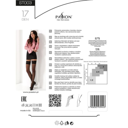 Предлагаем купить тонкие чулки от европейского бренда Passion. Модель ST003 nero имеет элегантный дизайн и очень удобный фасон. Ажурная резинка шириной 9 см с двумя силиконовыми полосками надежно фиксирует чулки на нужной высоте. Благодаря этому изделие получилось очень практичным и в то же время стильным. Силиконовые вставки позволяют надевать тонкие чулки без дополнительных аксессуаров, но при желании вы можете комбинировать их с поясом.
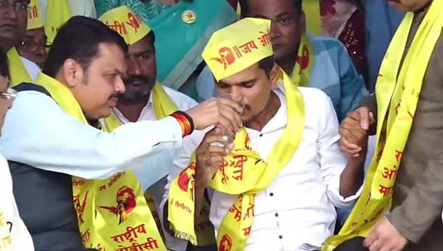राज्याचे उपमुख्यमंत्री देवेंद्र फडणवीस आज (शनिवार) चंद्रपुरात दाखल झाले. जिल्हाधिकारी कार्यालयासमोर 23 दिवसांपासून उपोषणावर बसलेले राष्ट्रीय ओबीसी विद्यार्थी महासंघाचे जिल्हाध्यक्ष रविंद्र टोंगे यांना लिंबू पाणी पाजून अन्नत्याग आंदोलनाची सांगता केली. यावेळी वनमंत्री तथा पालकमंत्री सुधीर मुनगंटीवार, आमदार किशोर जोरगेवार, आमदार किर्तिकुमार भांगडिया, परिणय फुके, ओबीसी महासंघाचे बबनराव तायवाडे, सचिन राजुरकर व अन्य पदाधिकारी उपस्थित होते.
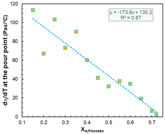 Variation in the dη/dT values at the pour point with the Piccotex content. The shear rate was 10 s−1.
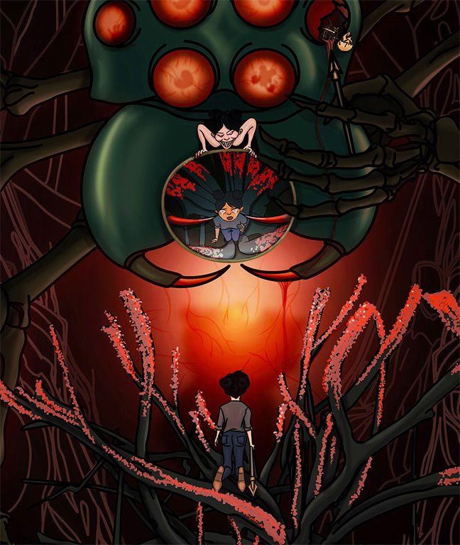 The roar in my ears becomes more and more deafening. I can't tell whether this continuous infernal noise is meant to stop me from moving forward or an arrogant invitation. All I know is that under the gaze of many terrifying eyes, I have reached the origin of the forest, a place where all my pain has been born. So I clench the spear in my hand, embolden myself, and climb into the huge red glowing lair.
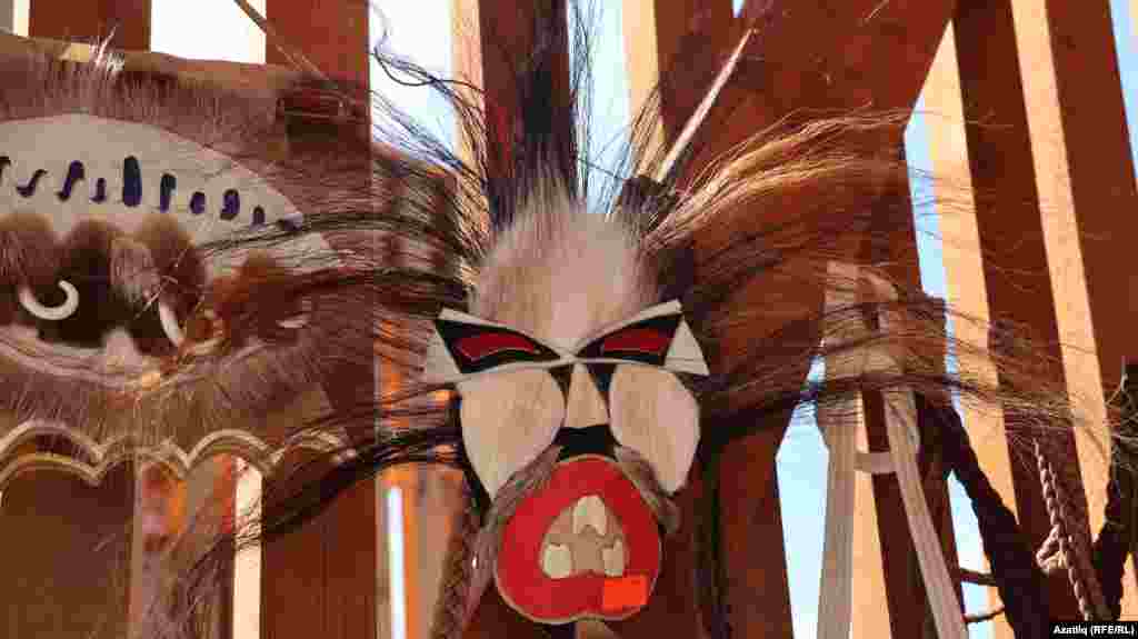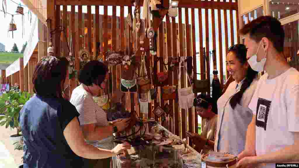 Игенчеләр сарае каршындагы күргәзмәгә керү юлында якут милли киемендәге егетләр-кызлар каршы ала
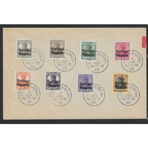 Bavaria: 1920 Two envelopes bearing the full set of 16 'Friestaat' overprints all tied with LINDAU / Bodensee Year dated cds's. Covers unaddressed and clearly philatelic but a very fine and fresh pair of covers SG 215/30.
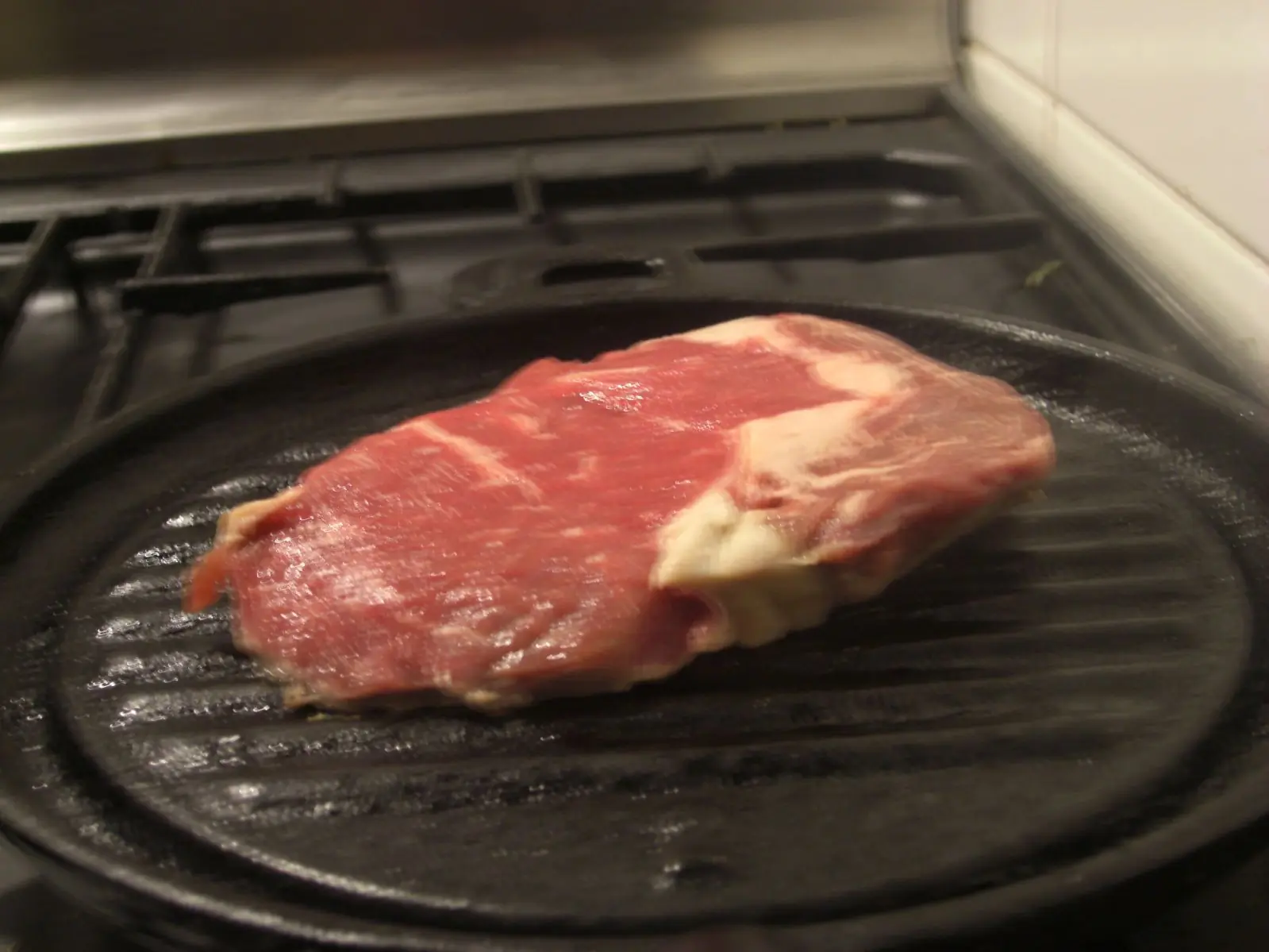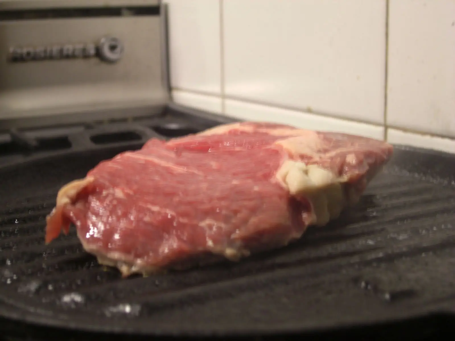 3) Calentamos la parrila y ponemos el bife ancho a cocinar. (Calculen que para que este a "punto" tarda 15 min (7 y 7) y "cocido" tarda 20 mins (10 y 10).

•••••

- **Prompt**: Ignoring the pictures, write out word for word only the lines from the one containing "Variation in the" through the last line of the data, both ends included.

- **Your solution**:
 Variation in the dη/dT values at the pour point with the Piccotex content. The shear rate was 10 s−1.
 The roar in my ears becomes more and more deafening. I can't tell whether this continuous infernal noise is meant to stop me from moving forward or an arrogant invitation. All I know is that under the gaze of many terrifying eyes, I have reached the origin of the forest, a place where all my pain has been born. So I clench the spear in my hand, embolden myself, and climb into the huge red glowing lair.
 Игенчеләр сарае каршындагы күргәзмәгә керү юлында якут милли киемендәге егетләр-кызлар каршы ала
 Bavaria: 1920 Two envelopes bearing the full set of 16 'Friestaat' overprints all tied with LINDAU / Bodensee Year dated cds's. Covers unaddressed and clearly philatelic but a very fine and fresh pair of covers SG 215/30.
 3) Calentamos la parrila y ponemos el bife ancho a cocinar. (Calculen que para que este a "punto" tarda 15 min (7 y 7) y "cocido" tarda 20 mins (10 y 10).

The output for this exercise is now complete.